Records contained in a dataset
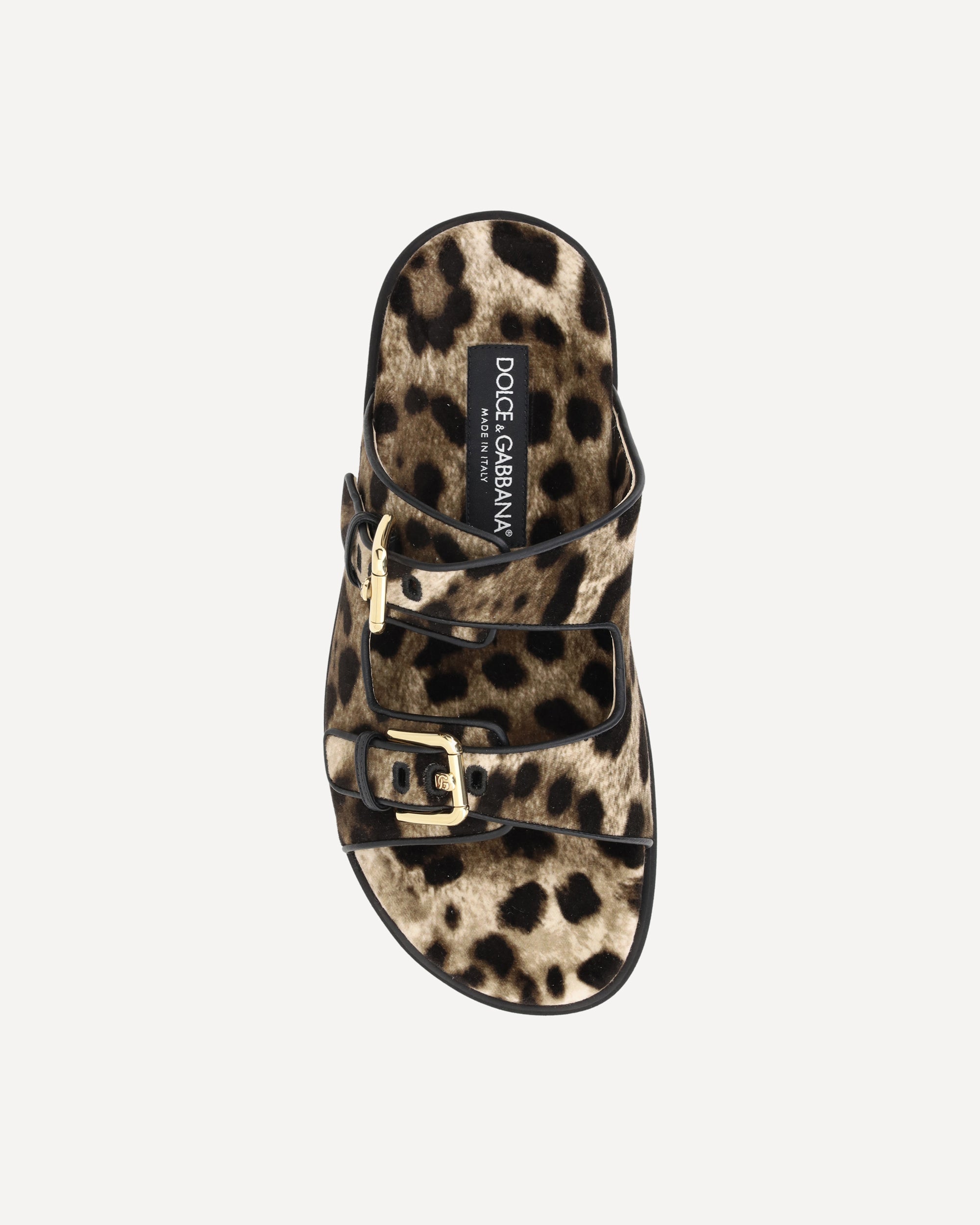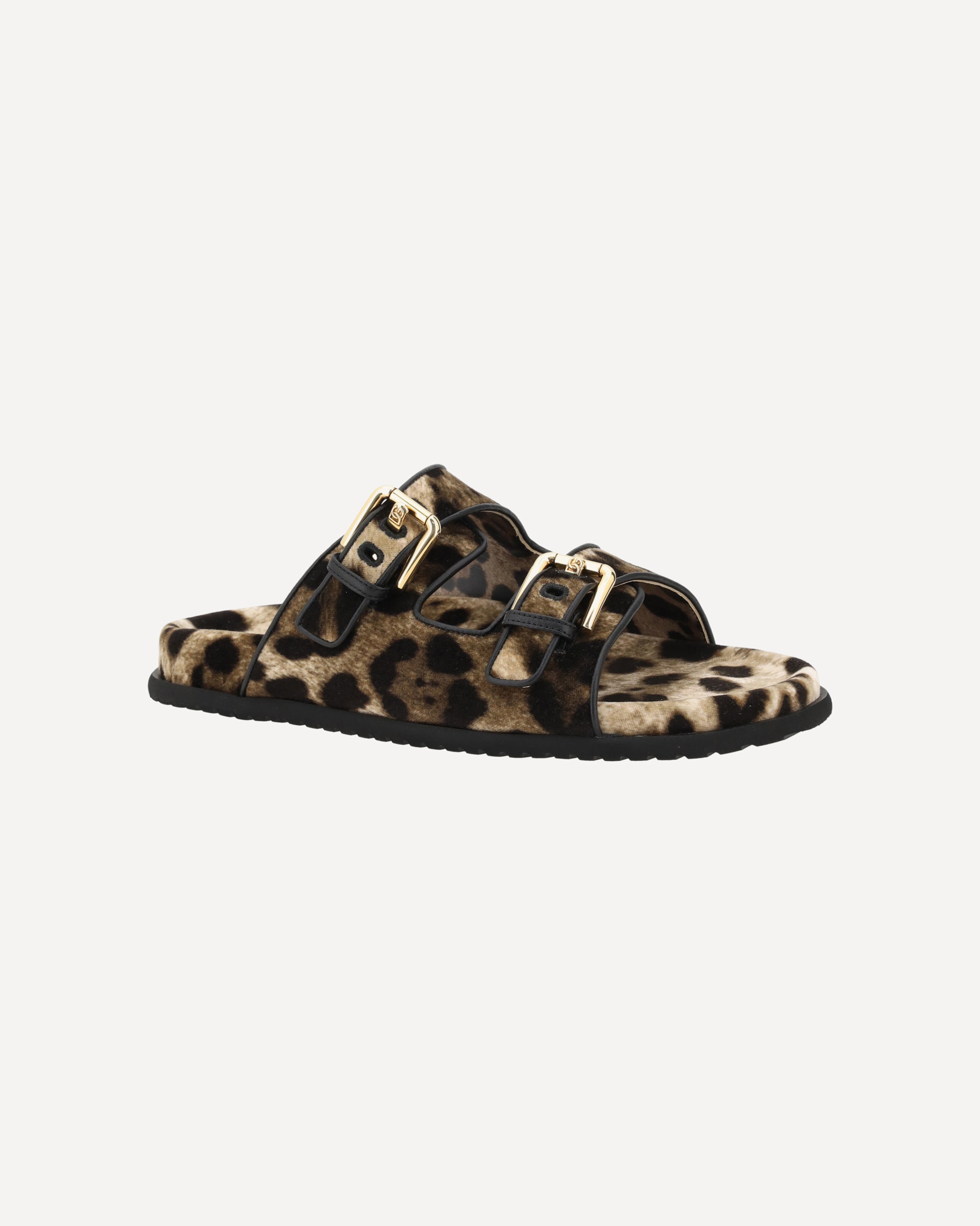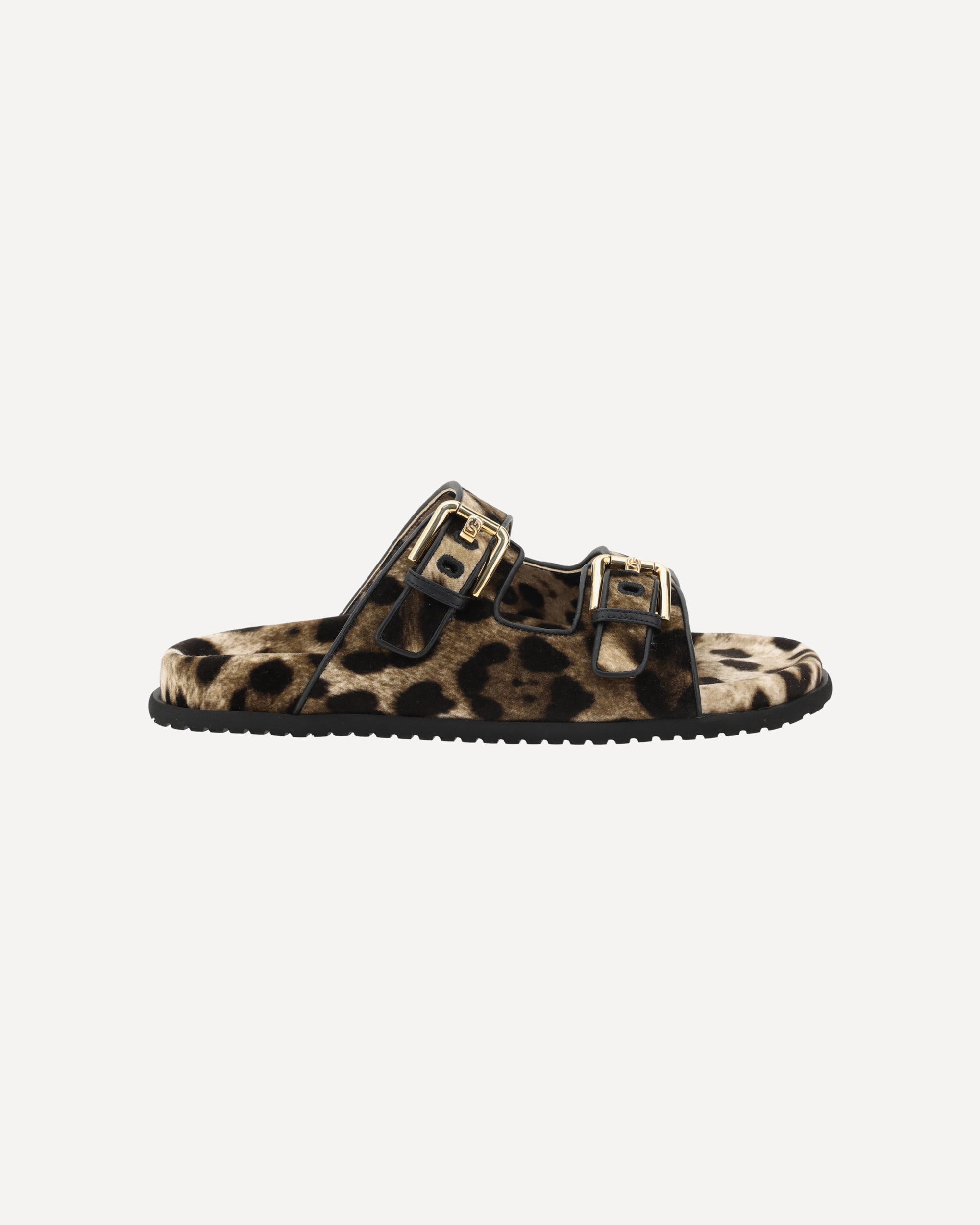Dolce&Gabbana's Sandals feature a double strap with an adjustable buckle on the front, which ensures a personalized and secure fit. The animal pattern adds a bold and stylish touch, while the contoured footbed offers comfort during wear. The rubber outsole provides grip and durability, and the logoed insole completes the design with a distinctive brand detail. A pair of sandals that combine style and functionality for a unique and fashionable look.
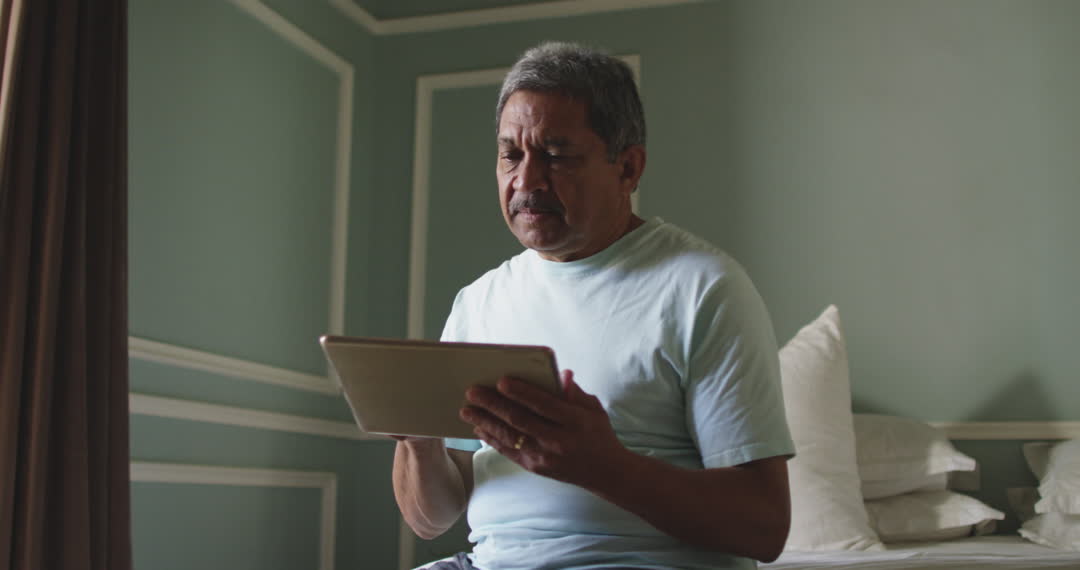 <a target="_blank" href=https://pikwizard.com/video/senior-man-using-tablet-in-bedroom-for-self-retirement/f2a06c8454ce0c59cd766e072e26c296/>PikWizard</a>
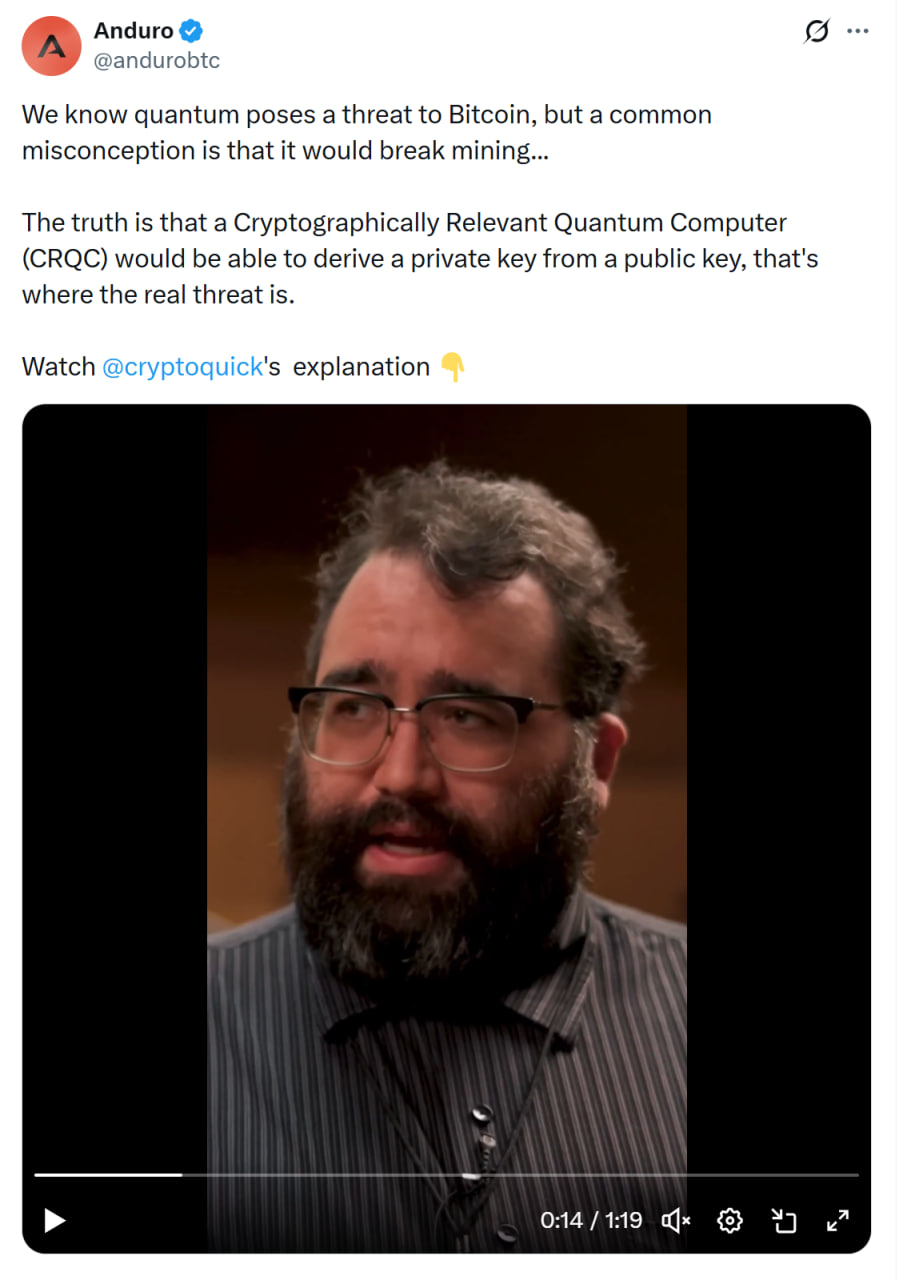 وكان نيك بوكرين، محلل العملات المشفرة والمؤسس المشارك لشركة Coin Bureau، أكثر صراحة. وقال: “إن رواية “التهديد الكمي لبيتكوين” بأكملها هي تسويق بنسبة 90٪ وتهديد وشيك بنسبة 10٪ … نحن بالتأكيد على بعد عقد من الزمن على الأقل من أجهزة الكمبيوتر التي يمكنها بالفعل كسر التشفير الحالي”.
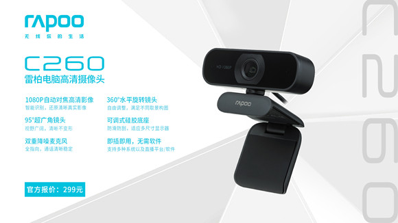 近日,領軍國產外設品牌,實力大廠上市企業Rapoo雷柏,推出了C260電腦高清攝像頭,1080P的自動對焦高清影像,95°的超廣角鏡頭,雙重的降噪麥克風,360°水平旋轉的鏡頭等,為你開啟直播互動的狂潮。
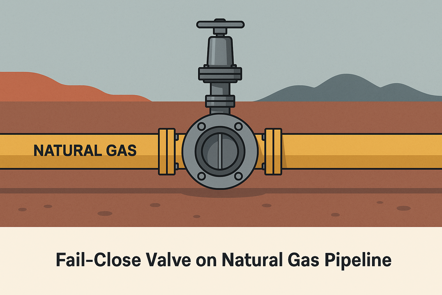 In oil & gas pipelines transporting natural gas or petroleum products, fail-close valves prevent leaks and avoid explosion or fire hazards.
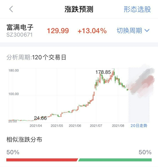 而第一名神秘个股相似度更是达到了95.25%!那么,也就意味着,这只神秘个股更有可能复制富满电子的反弹走势!
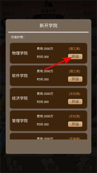 2、在游戏内的新开学院界面,挑选物理学院这类目标学院并点击开设按钮,通过消耗资源来完成学院的创建。
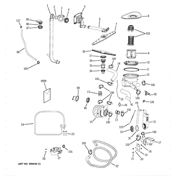 The Upper Spray Arm Assembly is an OEM part for GE dishwashers. This part sprays water throughout the upper section of the dishwasher, ensuring that all dishes are thoroughly cleaned during the wash cycle. The spray arm rotates to distribute water evenly, reaching every corner of the upper rack.
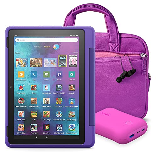 Home Computers & Accessories Fire HD 10 Kids Pro tablet, Doodle Kid-Friendly Case + NuPro Zipper Sleeve, Purple + Kids Portable Charger, Pink
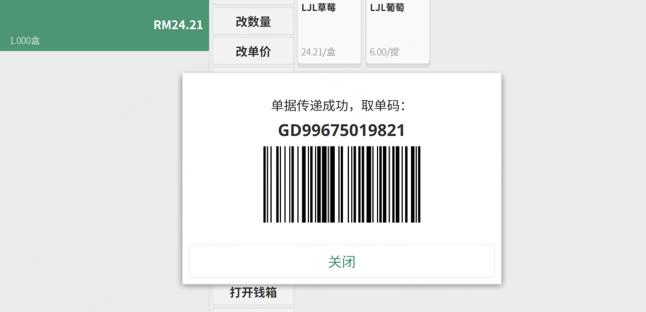 1、功能点击后将当前界面单据内信息进行rsdis推送;生成取单码(规则:“GD+账套号+门店号+顺序位”,例如:GD99675010001)并自动打印取单条码小票;上传后当前界面商品清空;界面提示:“单据已上传,取单号【xxxxxxxxxx】”
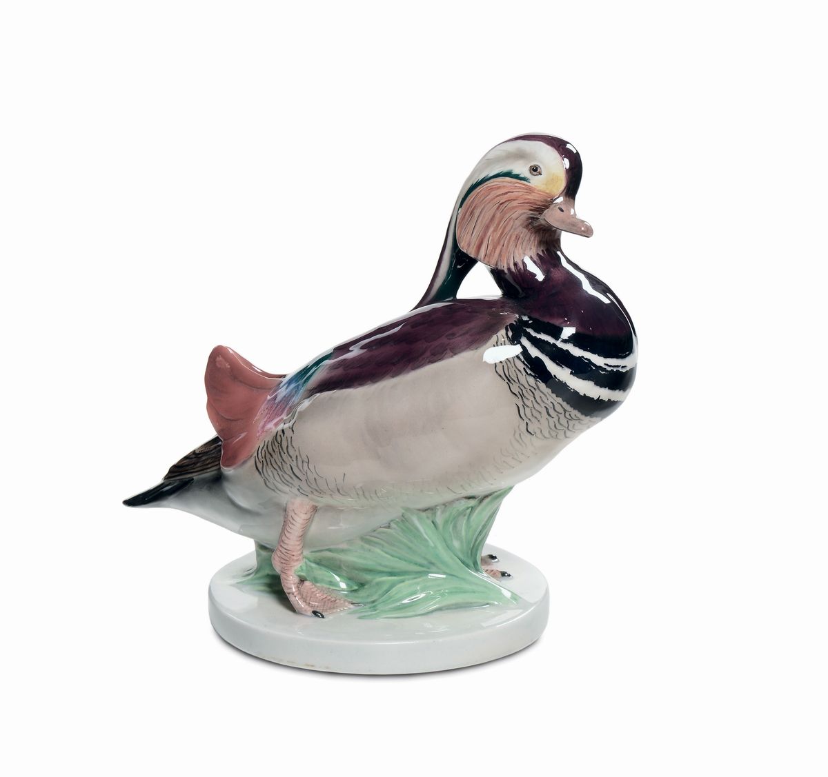 Terracotta maiolicata formata a colaggio decorata in policromia sotto vernice. Sotto la base: Lenci Made in Italy Torino e simbolo grafico del decoratore Beppe Ferinando. Altezza cm 27
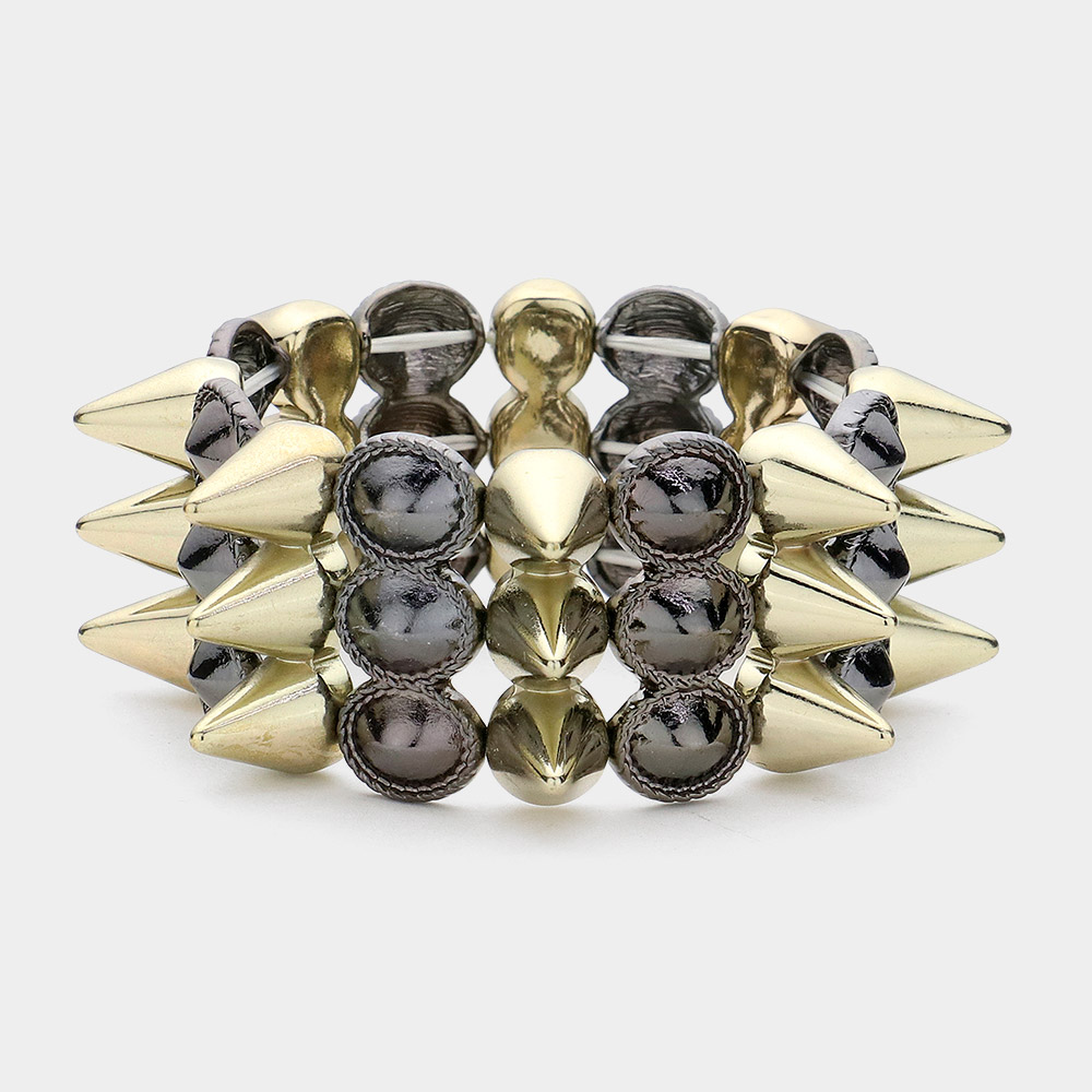 2PCS - FAITH Message Pointed Pink Ribbon Charm Faceted Beaded Stretch Double Layered Bracelets
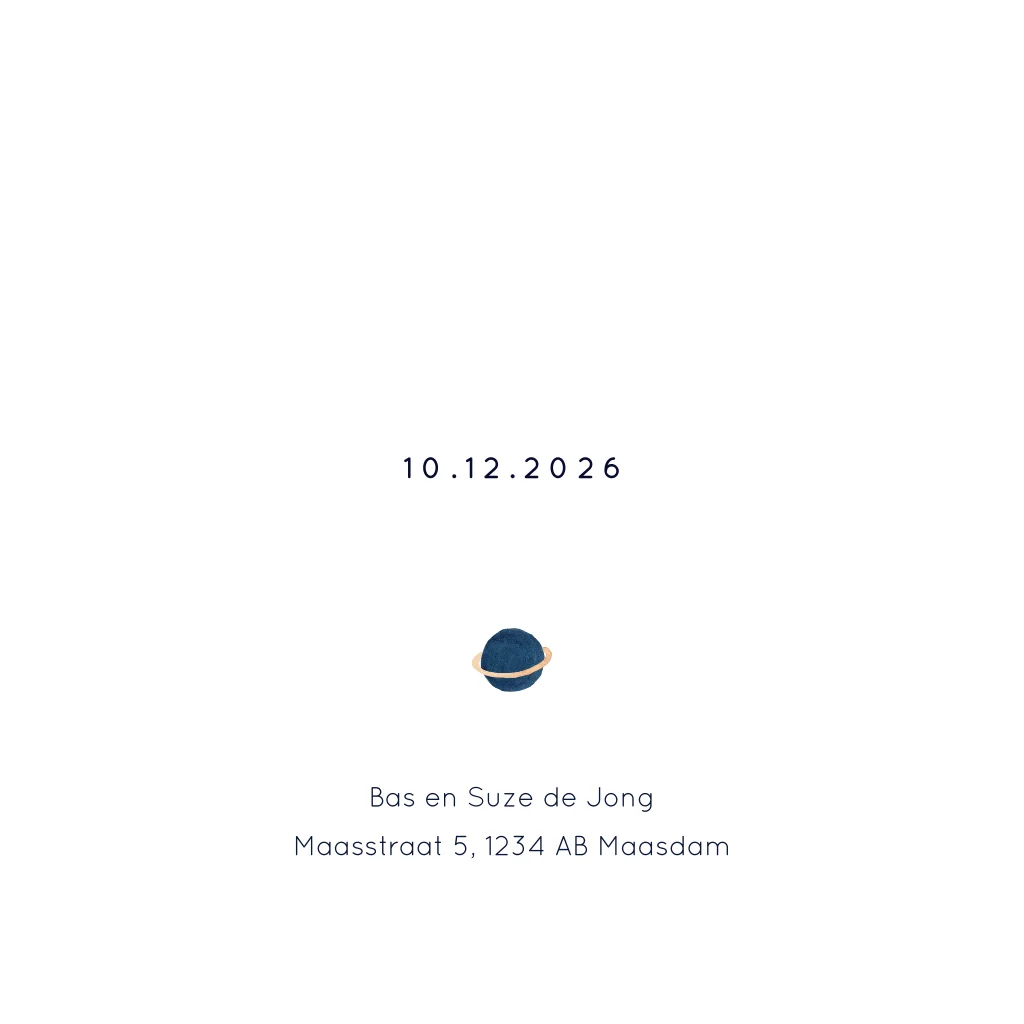 Geboortekaartje met planeten en maan voor jongen met goudfolie

Goal of the exercise: The answer must be the lines above from the one containing "وكان نيك بوكرين،" through the one containing "In oil & gas", reproduced exactly, with no pictures and nothing else.

Response area:
 وكان نيك بوكرين، محلل العملات المشفرة والمؤسس المشارك لشركة Coin Bureau، أكثر صراحة. وقال: “إن رواية “التهديد الكمي لبيتكوين” بأكملها هي تسويق بنسبة 90٪ وتهديد وشيك بنسبة 10٪ … نحن بالتأكيد على بعد عقد من الزمن على الأقل من أجهزة الكمبيوتر التي يمكنها بالفعل كسر التشفير الحالي”.
 近日,領軍國產外設品牌,實力大廠上市企業Rapoo雷柏,推出了C260電腦高清攝像頭,1080P的自動對焦高清影像,95°的超廣角鏡頭,雙重的降噪麥克風,360°水平旋轉的鏡頭等,為你開啟直播互動的狂潮。
 In oil & gas pipelines transporting natural gas or petroleum products, fail-close valves prevent leaks and avoid explosion or fire hazards.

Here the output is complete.